如何在python中使用正则表达式组仅获得一行的一部分？

Question

How to get only a part of a line using regex group in python ? I have a database of one entry per line and I want to split it into files according to month and day data at the beginning of a line but I want only to output a line without first 21 characters. Here is a quick sample of the database:

01-01-1989-06:30:00| Stefan Reinartz; 1.1.1989; 06:30; +01; Engelskirchen,Germany; 50n59; 7e24; M;
01-01-1996-08:40:00| Dawid Kwiatkowski; 1.1.1996; 08:40; +01; Gorzów Wielkopolski,Poland; 52n44; 15e15; M;
01-01-2001-01:30:00| Liam Flockhart; 1.1.2001; 01:30; -08; San Diego,California; 32n43; 117w09; M;
01-02-1467-00:20:00| King of Poland Sigismund I the Old; 2.1.1467; 00:20; +00:21:33; Kozienice,Poland; 51n35; 21e33; M;
01-02-1746-09:00:00| Duke of Rambouillet Louis Marie; 2.1.1746; 09:00; -00:03:41; Madrid,Spain; 40n24; 3w41; M;
01-02-1784-01:00:00| Duke of Saxe-Coburg and Gotha Ernst I; 2.1.1784; 01:00; +00:10:58; Coburg,Germany; 50n15; 10e58; M;

Desired output File 01-01.zbs:

Stefan Reinartz; 1.1.1989; 06:30; +01; Engelskirchen,Germany; 50n59; 7e24; M;
Dawid Kwiatkowski; 1.1.1996; 08:40; +01; Gorzów Wielkopolski,Poland; 52n44; 15e15; M;
Liam Flockhart; 1.1.2001; 01:30; -08; San Diego,California; 32n43; 117w09; M;

Output File 01-02.zbs:

King of Poland Sigismund I the Old; 2.1.1467; 00:20; +00:21:33; Kozienice,Poland; 51n35; 21e33; M;
Duke of Rambouillet Louis Marie; 2.1.1746; 09:00; -00:03:41; Madrid,Spain; 40n24; 3w41; M;
Duke of Saxe-Coburg and Gotha Ernst I; 2.1.1784; 01:00; +00:10:58; Coburg,Germany; 50n15; 10e58; M;

I used the beginning to sort them by each day of the year and to split the file accordingly. But I don't want to output the first 21 chars of each line so I am trying to use regex group to do this, like this:

re.search("^[0-9]{2}-[0-9]{2}-[0-9]{4}-[0-9]{2}:[0-9]{2}:[0-9]{2}| (.*)",line[0])
re.search("^.{21}(.*)",line[0])

But, how to use the group (.*) \\1 to only output that part ? Is even regex needed to do this ?

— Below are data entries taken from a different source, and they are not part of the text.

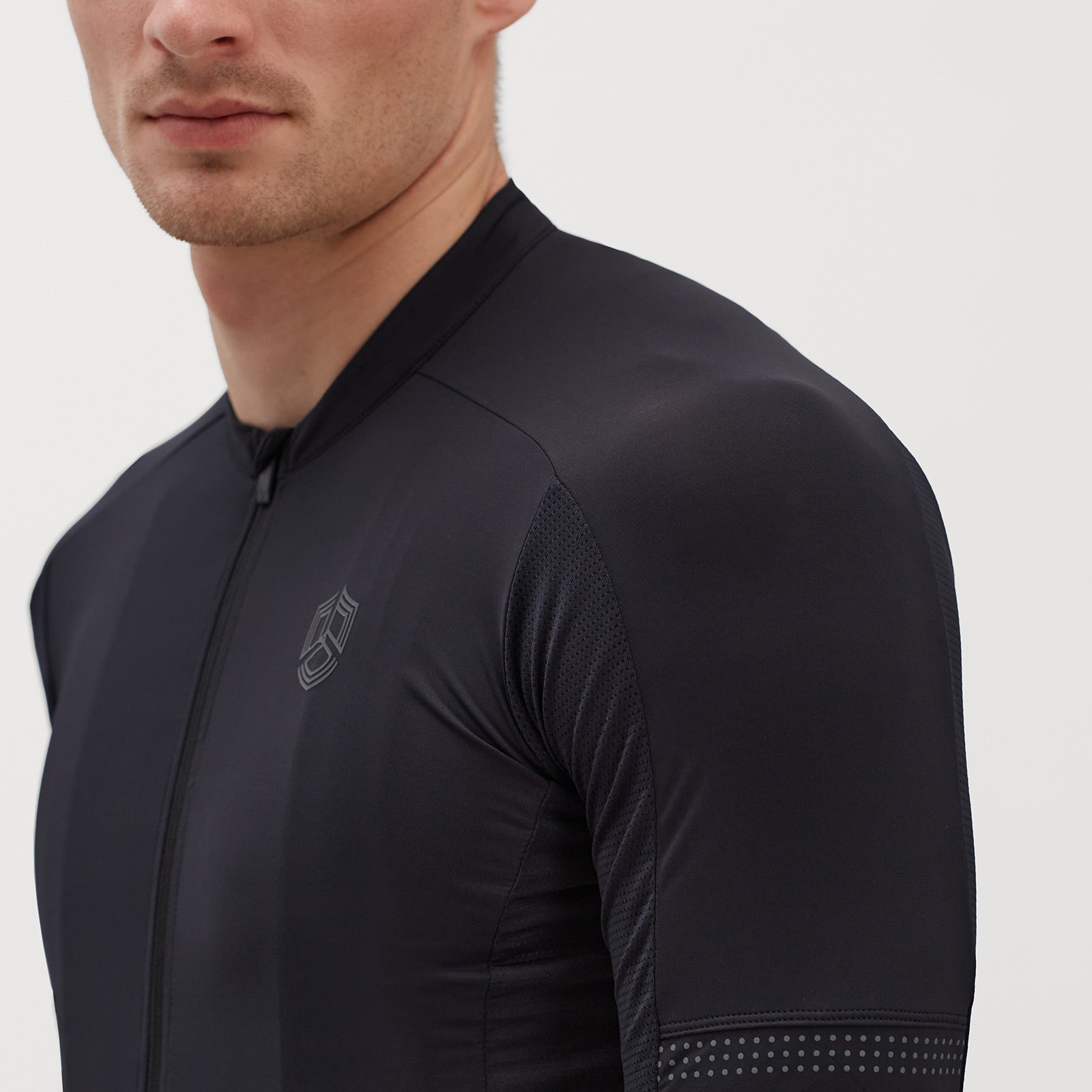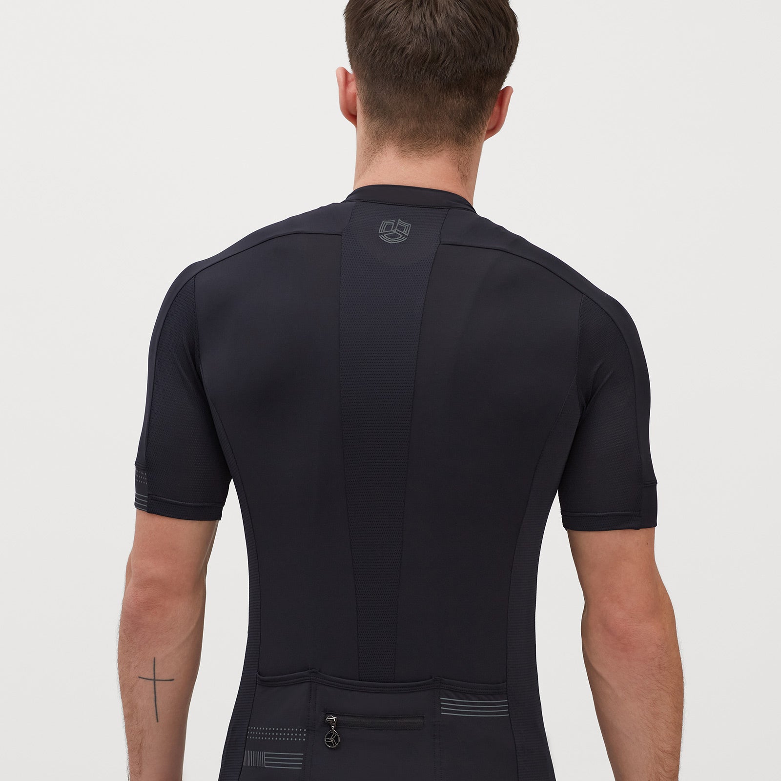 Pánský celopropínací cyklistický dres z prodyšného elastického materiálu Light MESH. Střih je mírně projmutý a na prodlouženém zadním díle je praktická trojkapsa a protiskluzový silikonový lem.
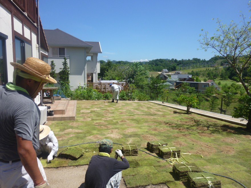 植栽と芝生はブロックや丸太で見切りをつけ管理しやすいようにしています。
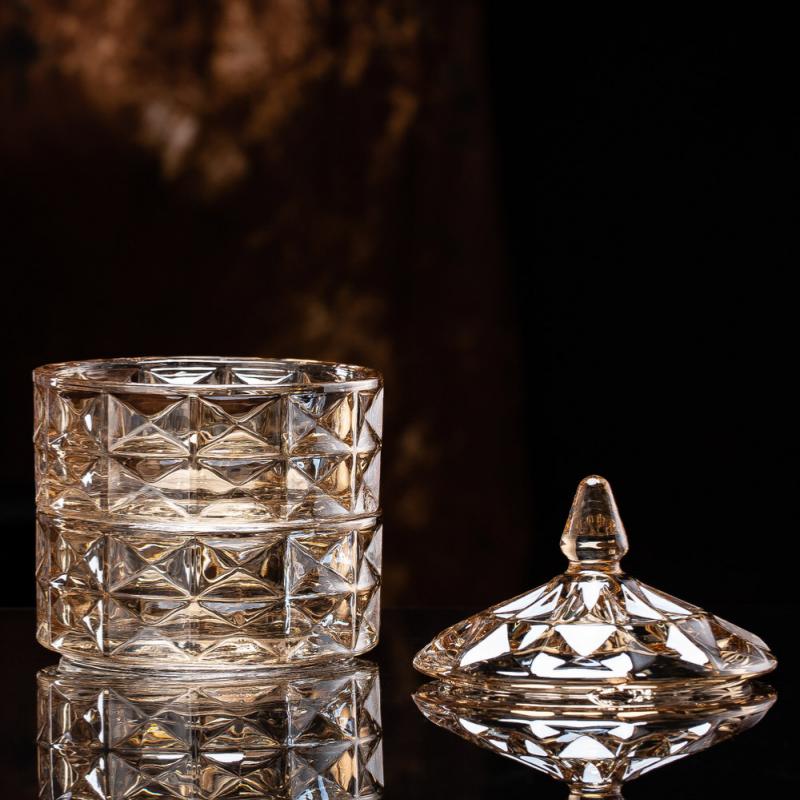 Add a touch of luxury to your space with this amber glass candy jar set. The intricate diamond-cut design and plated lid evoke vintage charm while offering modern elegance. Perfect for home decoration, boutique gifting, or seasonal displays, these glass containers shine with a warm amber glow. Their sculptural silhouette transforms them from simple storage jars into standout pieces for interior styling and curated displays.
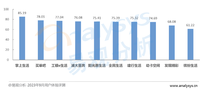 綜合得分:前五名競爭激烈,國有大行中工銀e生活、買單吧表現(xiàn)較好
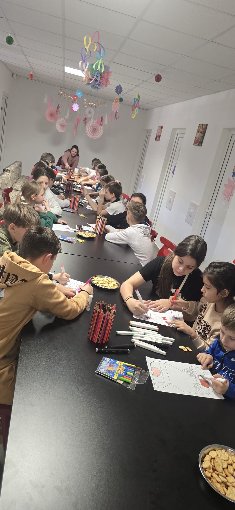 Împreună, copiii au lucrat cu mult entuziasm și imaginație, confecționând felicitări cu mesaje speciale pentru mămici.
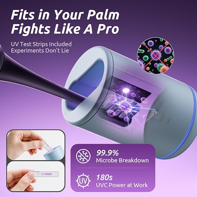- Fits in Your Palm, Fights Like A Pro: 99.9% Cleaning Rate in 3 Minutes Flat With UVC 270-280nm Light Technology.We Get It - Seeing Is Believing. That's Why The UV Toothbrush Holder Comes With Instant Test Paper. Check UV Intensity Yourself Anytime, No Lab Required.
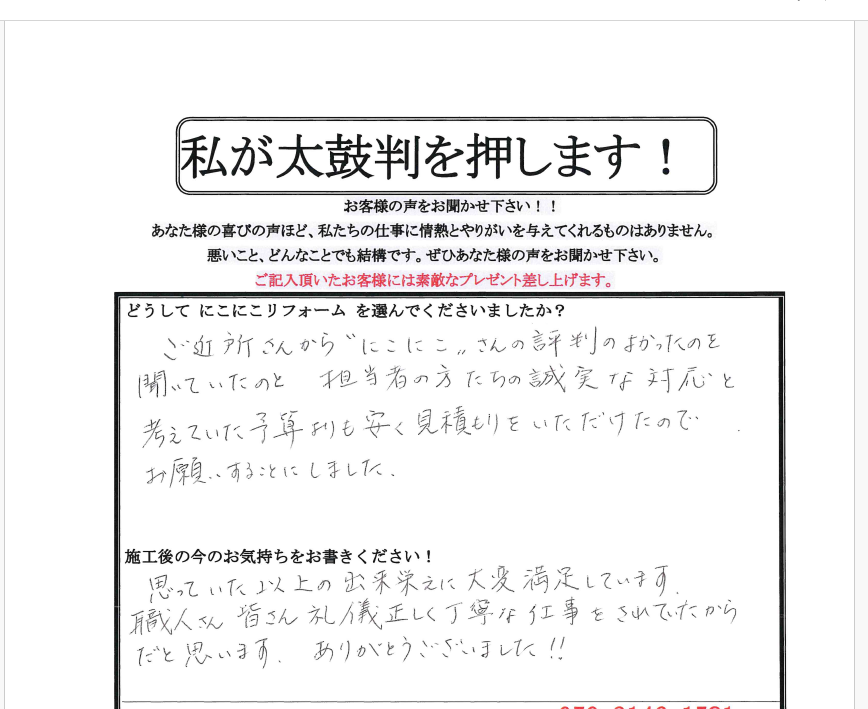 Q. どうしてにこにこリフォームを選んでくださいましたか?
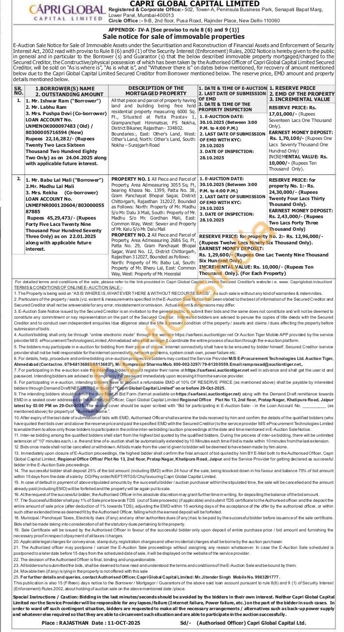 All that piece and parcel of property having land and building being free hold residential property measuring 6000 Sq. Ft., Situated at Patta Prastav 1, Grampanchyat Himmatsar, PS Nokha, District Bikaner, Rajasthan - 334802. Boundaries:, East: Other's Land, West: Other's Land, North: Other's Land, South: Nokha-Surajgarh Road
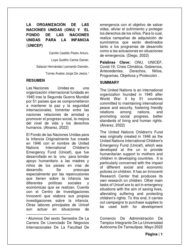 Key words: ONU, UNICEF, Covid-19, de antecedentes de la unicef, el
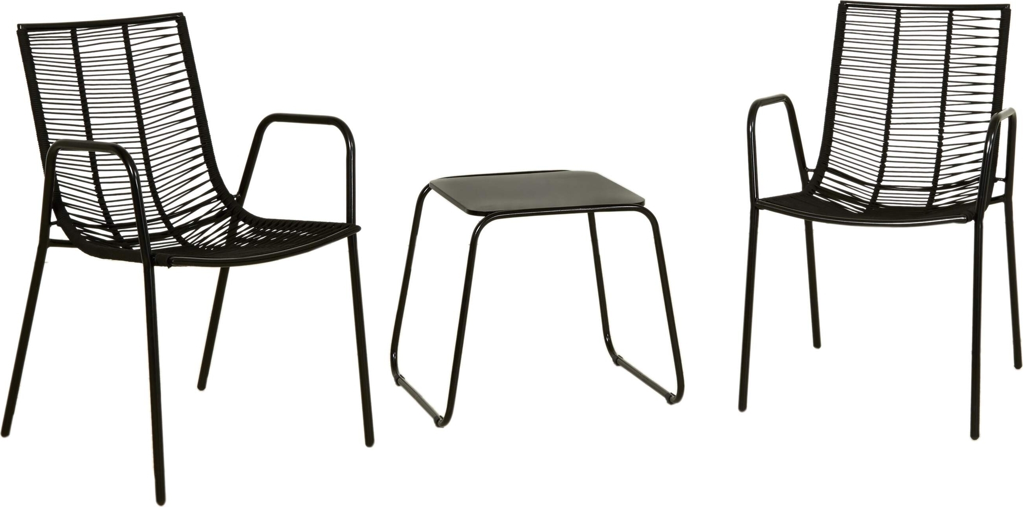 En mysig möbelgrupp med en modern design. Stolarna och bordet är tillverkade i stål och repsits/rygg. Gruppen passar perfekt till uteplatsen eller balkongen för att ge den extra mysfaktorn som kan behövas.
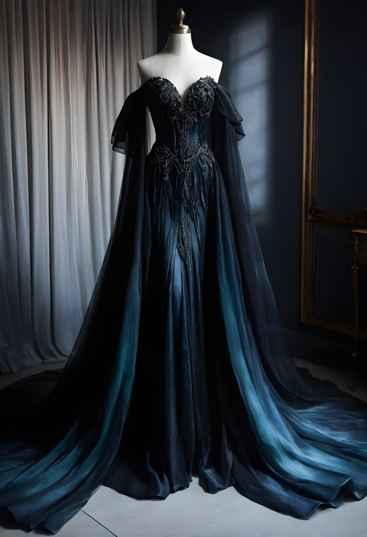 Robe de soirée longue bleu foncé à épaules dénudées et décolleté en cœur, coupe trapèze, avec appliques, D817
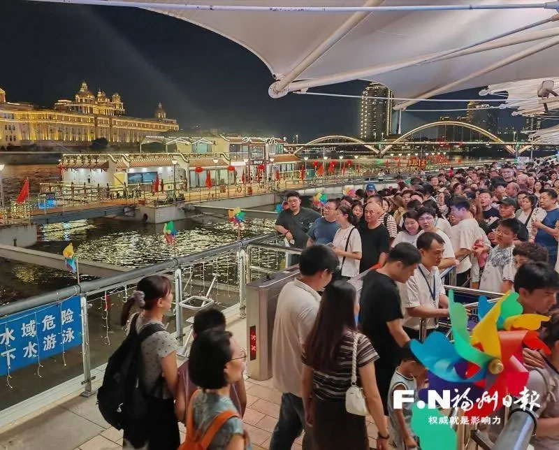 國慶中秋假期,閩江夜游游客流量大增,等待上船的游客排起長隊。(八方客運(yùn)公司供圖)

Here is whole code: I am a very beginner to python so the code is probably quite wrong:

import re
with open("database.txt") as f: 
    pstring='' #previous line string beginning
    astring='' #actual line string beginning
    try:
        out = open(re.search("^[0-9]{2}-[0-9]{2}",line[0]) + ".zbs", "w")
        for line in f:
            astring = re.search("^[0-9]{2}-[0-9]{2}-",line[0])
            if not pstring = astring:
                out.write(line)
                pstring = re.search("^[0-9]{2}-[0-9]{2}-",line[0])
                if out: out.close()
                out = open(re.search("^[0-9]{2}-[0-9]{2}",line[0]) + ".zbs", "w")
            else: 
                pstring = re.search("^[0-9]{2}-[0-9]{2}-",line[0])
                out.write(line)
    finally:
        out.close()

Best regards.

Answer 1

Let's consider a single line in your file:

line = "01-01-1989-06:30:00| Stefan Reinartz; 1.1.1989; 06:30; +01; Engelskirchen,Germany; 50n59; 7e24; M;"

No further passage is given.